In actual fact it took almost 24 hours before I began to regain the ability to move my foot normally, so I had to stay in hospital overnight. I walked with a lopsided limp, somewhat like a stroke patient. I was very anxious and already planning my rehabilitation! However it turned out my surgeon was right and complete movement and sensation came back when the anaesthetic wore off.
The rest of my post operative recovery was without further complication, however the bruising was a lot more severe and painful than I expected. I felt this aspect was down played by my surgeon. In retrospect I would not go through this surgery again unless the veins were really painful.

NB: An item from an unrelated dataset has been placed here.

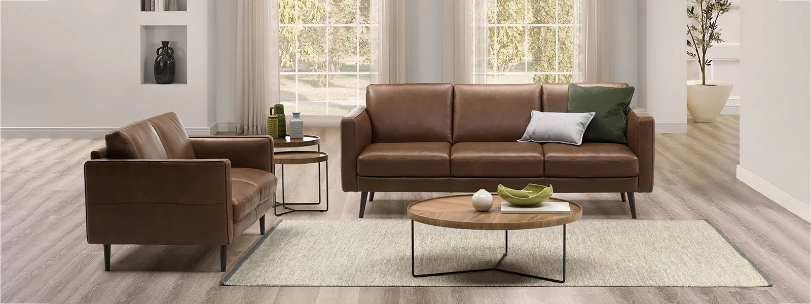 Sofá Amorevole Natuzzi en piel color Piedra de mar
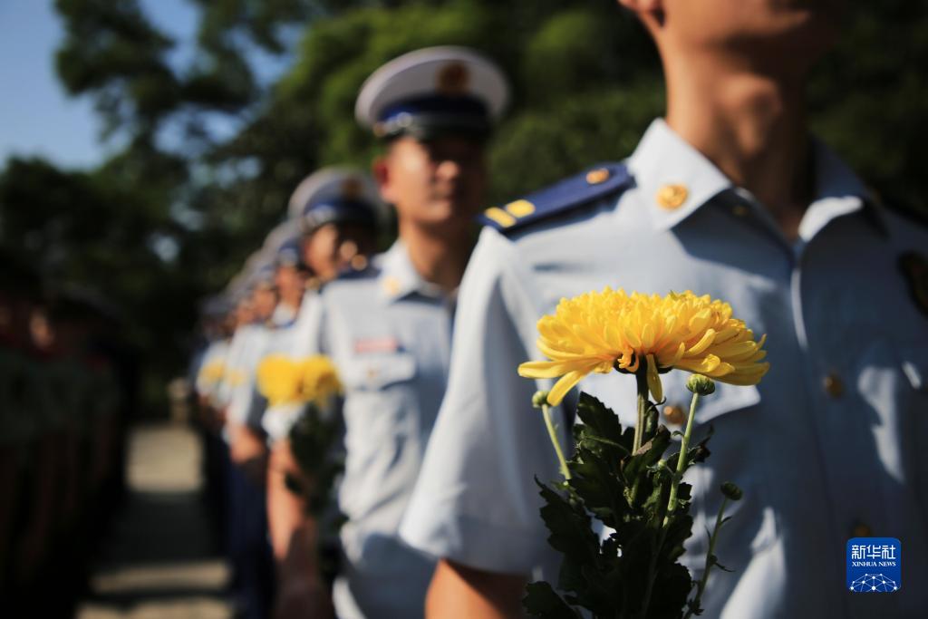9月30日,在福建省龙岩市闽西革命烈士陵园,消防员参加烈士纪念日活动,缅怀先烈。

Beginning my rehabilitation exercises
The only instructions I was given were to walk for at least 30 minutes everyday for the first 6 weeks. Once the local anaesthetic wore off, putting any weight on my leg was very painful despite regular analgesia. I was unsure whether to attempt 30 minutes of walking on the day after the surgery.
It made more sense that the exercise should be progressed gradually over the first week. The problems I encountered included severe bruising with large lumpy blood clots in my calf, mark tightness of my muscles and fascia and a tendency to walk with a limp. As a result I developed an exercise program to help others in the same situation to recover from varicose vein surgery.